** Opening PROVIDED RECORDS block **

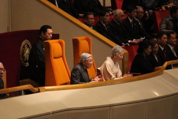 L’Empereur Akihito avec l’impératrice et Kitanoumi
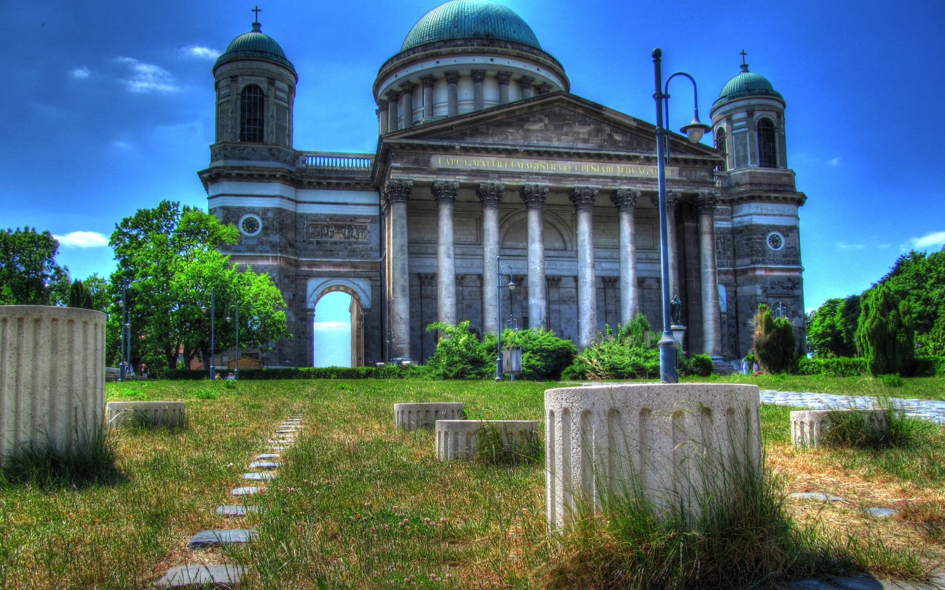 Europäische Kathedrale auf einem blauen Himmelshintergrund
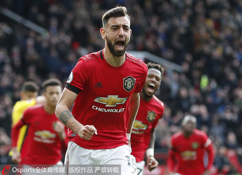 人民网北京2月24日电(杨磊) 北京时间2月23日晚,2019/20赛季英超第27轮曼联主场3比0完胜沃特福德,布鲁诺打入处子球又助攻格林伍德破门,马夏尔破门。
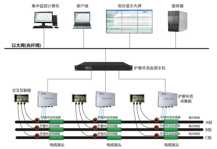高壓電纜的金屬護套是電纜的重要組成部分,當纜芯通過(guò)電流時(shí),會(huì )在金屬護套上產(chǎn)生環(huán)流,外護套的絕緣狀態(tài)差、接地不良、金屬護套接地方式不正確等等都會(huì )引起護套環(huán)流異常,嚴重時(shí)會(huì )威脅電纜運行安全。當電纜金屬護套環(huán)流出現異常時(shí)會(huì )造成電纜絕緣局部高溫損耗發(fā)熱,加速絕緣老化,降低電纜使用壽命,嚴重時(shí)會(huì )導致電纜發(fā)生直接擊穿接地故障。護套環(huán)流異常也會(huì )直接影響電纜線(xiàn)路的載流量,產(chǎn)生較大的電能損耗,浪費電能、減少經(jīng)濟效益。
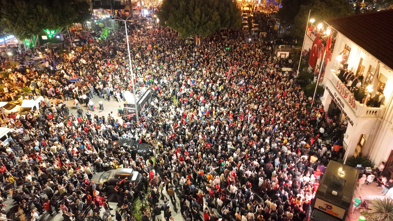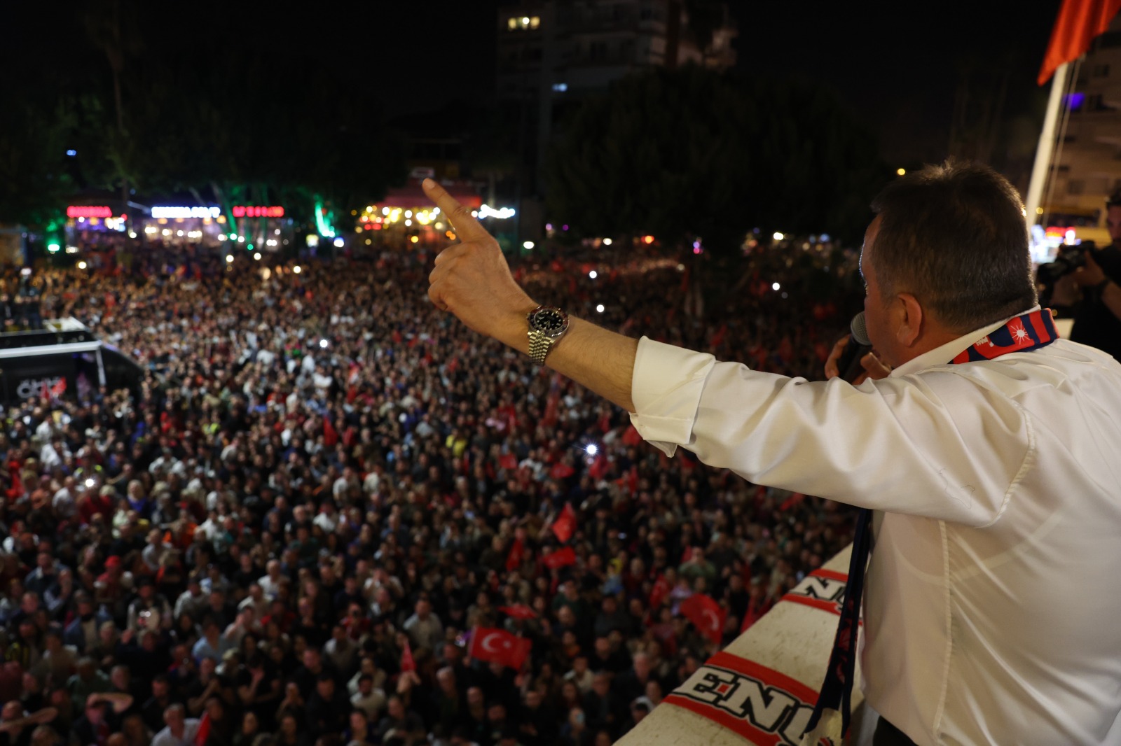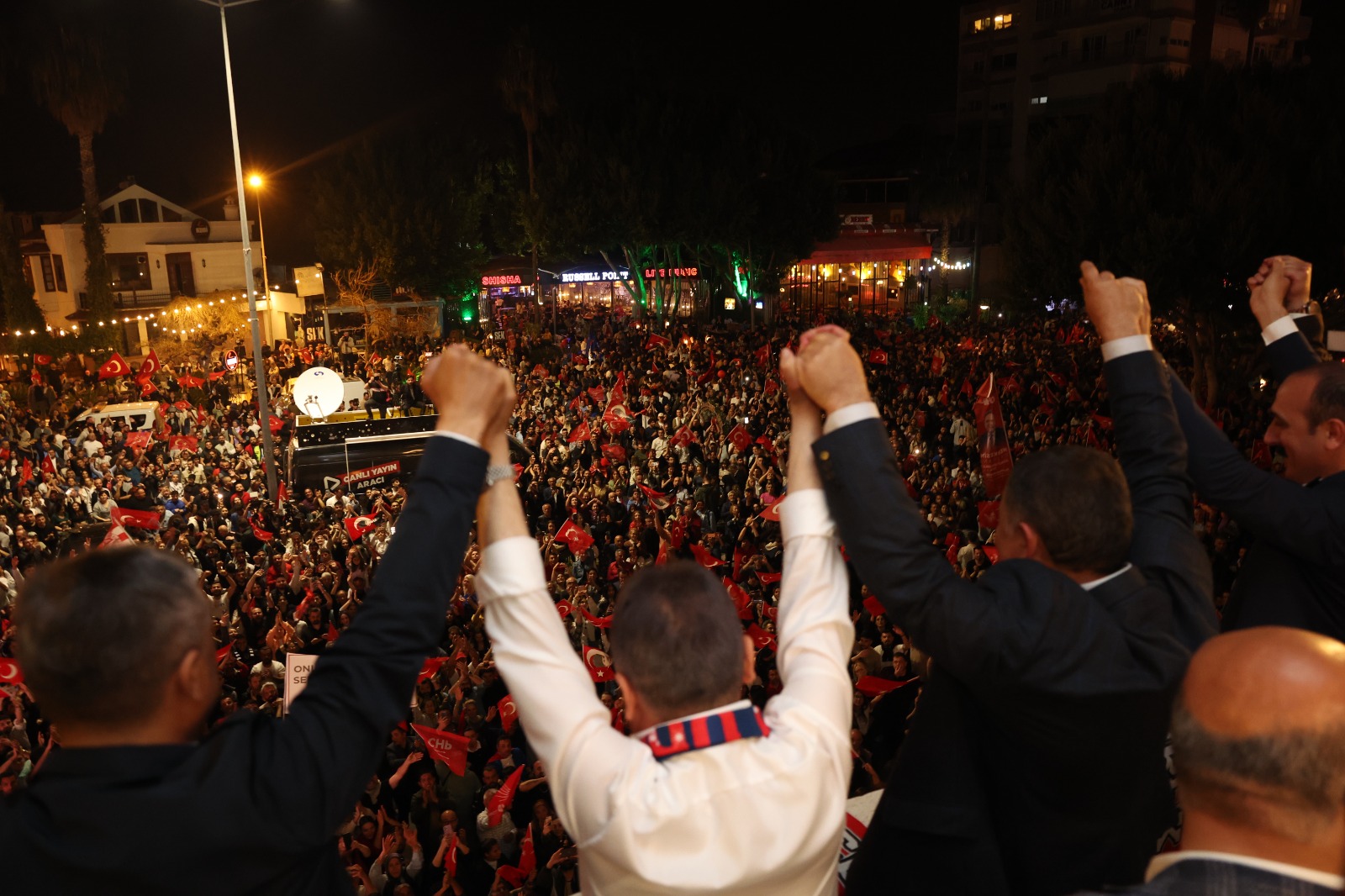 31 Mart Yerel seçim sonuçlarının açıklanmasıyla birlikte Antalya’da kesin olmayan sonuçlara göre Antalya Büyükşehir Belediye Başkanı ve CHP Antalya Büyükşehir Adayı Muhittin Böcek, seçimleri kazandı. Sonuçların netleşmesiyle birlikte binlerce Antalyalı ilk olarak CHP Antalya İl Başkanlığı önünde toplandı. Ellerinde Türk bayrakları ile sevinç gösterilerinde bulunan vatandaşlar Başkan Muhittin Böcek’in alana gelmesiyle büyük bir sevinç yaşadı. CHP İl Başkanlığı önünde toplanan halka seslenen Başkan Muhittin Böcek, tüm Antalyalılara teşekkür etti.

** Closing PROVIDED RECORDS block **

All the lines above need to be repeated exactly, with no pictures carried over.

 L’Empereur Akihito avec l’impératrice et Kitanoumi
 Europäische Kathedrale auf einem blauen Himmelshintergrund
 人民网北京2月24日电(杨磊) 北京时间2月23日晚,2019/20赛季英超第27轮曼联主场3比0完胜沃特福德,布鲁诺打入处子球又助攻格林伍德破门,马夏尔破门。
高壓電纜的金屬護套是電纜的重要組成部分,當纜芯通過(guò)電流時(shí),會(huì )在金屬護套上產(chǎn)生環(huán)流,外護套的絕緣狀態(tài)差、接地不良、金屬護套接地方式不正確等等都會(huì )引起護套環(huán)流異常,嚴重時(shí)會(huì )威脅電纜運行安全。當電纜金屬護套環(huán)流出現異常時(shí)會(huì )造成電纜絕緣局部高溫損耗發(fā)熱,加速絕緣老化,降低電纜使用壽命,嚴重時(shí)會(huì )導致電纜發(fā)生直接擊穿接地故障。護套環(huán)流異常也會(huì )直接影響電纜線(xiàn)路的載流量,產(chǎn)生較大的電能損耗,浪費電能、減少經(jīng)濟效益。
 31 Mart Yerel seçim sonuçlarının açıklanmasıyla birlikte Antalya’da kesin olmayan sonuçlara göre Antalya Büyükşehir Belediye Başkanı ve CHP Antalya Büyükşehir Adayı Muhittin Böcek, seçimleri kazandı. Sonuçların netleşmesiyle birlikte binlerce Antalyalı ilk olarak CHP Antalya İl Başkanlığı önünde toplandı. Ellerinde Türk bayrakları ile sevinç gösterilerinde bulunan vatandaşlar Başkan Muhittin Böcek’in alana gelmesiyle büyük bir sevinç yaşadı. CHP İl Başkanlığı önünde toplanan halka seslenen Başkan Muhittin Böcek, tüm Antalyalılara teşekkür etti.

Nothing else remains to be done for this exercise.